A blonde decided to redecorate her bedroom. She wasn't sure how many rolls of wallpaper she would need, but she knew that her blonde friend from next door had recently done the same job and the two rooms were identical in size.
"Buffy," she said, "how many rolls of wallpaper did you buy for your bedroom?"
"Ten," said Buffy.
So the blonde bought the ten rolls of paper and did the job, but she had 2 rolls leftover. "Buffy," she said. "I bought ten rolls of wallpaper for the bedroom, but I've got 2 leftover!"
"Yes," said Buffy. "So did I."
I had decided to go shopping to get a gift for my wife. We were going to be taking a trip, and I knew that she would need a new swim suit. I had been to several stores, but could not find one that I knew she would wear. My wife is very modest. As I was headed home disappointed in not finding what I had been shopping for, I noticed a women's clothing store and decided to give it one last try. As I entered the store I was met by a very attractive blonde sales clerk. "Can I help you find anything special today sir?" I replied, "Maybe you can. I'm looking for a swim suit for my wife. I know that she would prefer a one piece suit if you have them."
The clerk looked a little puzzled....."Do you think that she would prefer the top or the bottom?"
A blonde lady motorist was about two hours from San Diego when she was
flagged down by a man whose truck had broken down. The man walked up to the car and asked, "Are you going to San Diego?"
"Sure," answered the blonde, "do you need a lift?"
"Not for me. I'll be spending the next three hours fixing my truck. My
problem is I have two chimpanzees in the back that have to be taken to the
San Diego Zoo. They're a bit stressed already so I don't want to keep them
on the road all day. Could you possibly take them to the zoo for me?
I'll give you $100 for your trouble."
"I'd be happy to," said the blonde. So the two chimpanzees were ushered into
the back seat of the blonde's car and carefully strapped into their seat belts. Off they went.

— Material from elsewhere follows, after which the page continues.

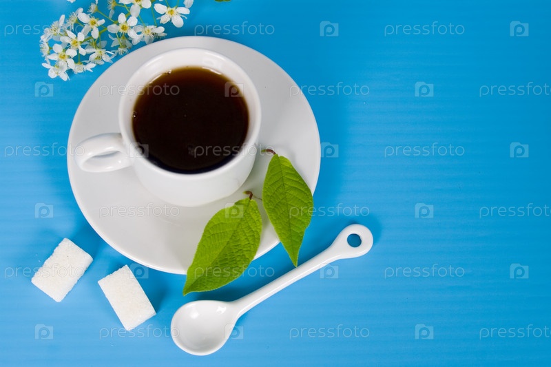 Чай с сахаром на синем фоне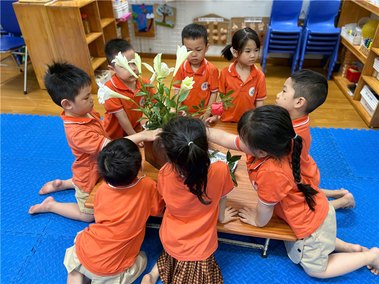 Các bé đang cùng nhau cắm bình hoa loa kèn

Five hours later, the truck driver was driving through the heart of San Diego when suddenly he was shocked what he saw! There was the blonde walking down the street and holding hands with the two chimps, much to the amusement of a big crowd.
With a screech of brakes, he pulled off the road and ran over to the blonde.
"What the heck are you doing here?" he asked, "I gave you $100 to take these
chimpanzees to the zoo."
"Yes, I know you did," said the blonde, "but we had money leftover---so now we're going to Sea World".